What to work on.
Please set down only the lines from the one containing "jmprs - women's" through the end of the entries below, exactly, minus any pictures.

Segment Start: Data shown

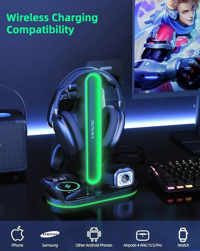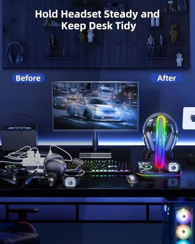 What You Get: Headphone stand, USB-C cable and adatper, manual, which come in a cool package for gift; Perfect for gamers, offices, and holidays like Christmas or birthdays!
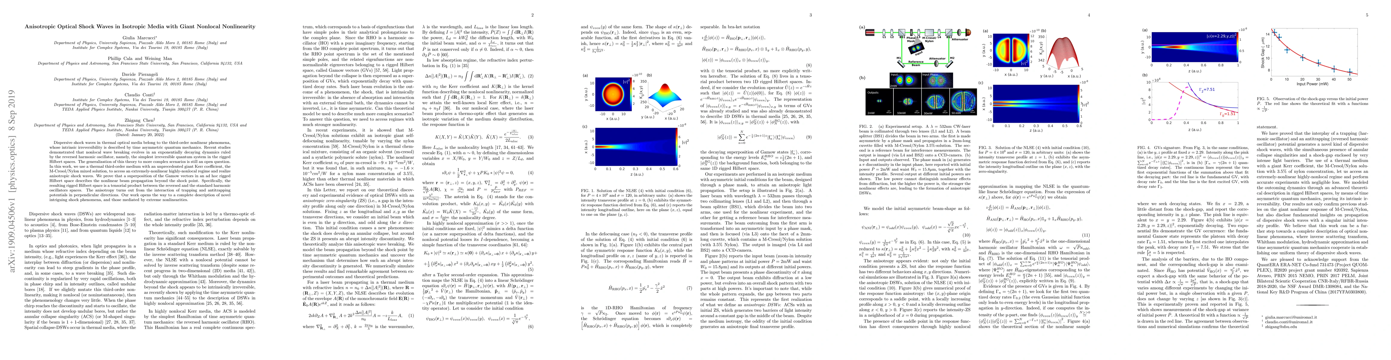 This paper explores anisotropic optical shock waves in an isotropic medium with giant nonlocal nonlinearity, using a thermal third-order medium with an unprecedented Kerr coefficient. The study reveals the emergence of anisotropic shock waves due to interactions between trapping and antitrapping potentials, described by a superposition of Gamow vectors in a tensorial product rigged Hilbert space.
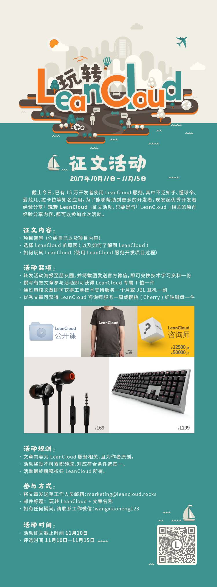 LeanCloud正在发起线上征文活动,详情请点击活动海报 ↓ ↓ ↓
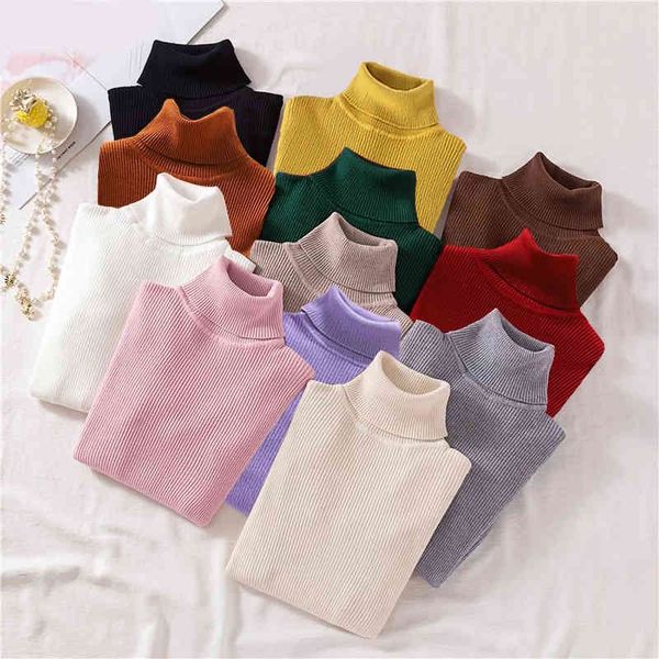 jmprs - women's high neck knitted korean tight long sve soft sweater, girls' basic autumn and winter fashion, White;black
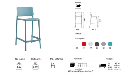 MNZ-Joy - S كرسي بار 65 سم 2 قطع

Segment End: Data shown

Exercise answer.
 jmprs - women's high neck knitted korean tight long sve soft sweater, girls' basic autumn and winter fashion, White;black
 MNZ-Joy - S كرسي بار 65 سم 2 قطع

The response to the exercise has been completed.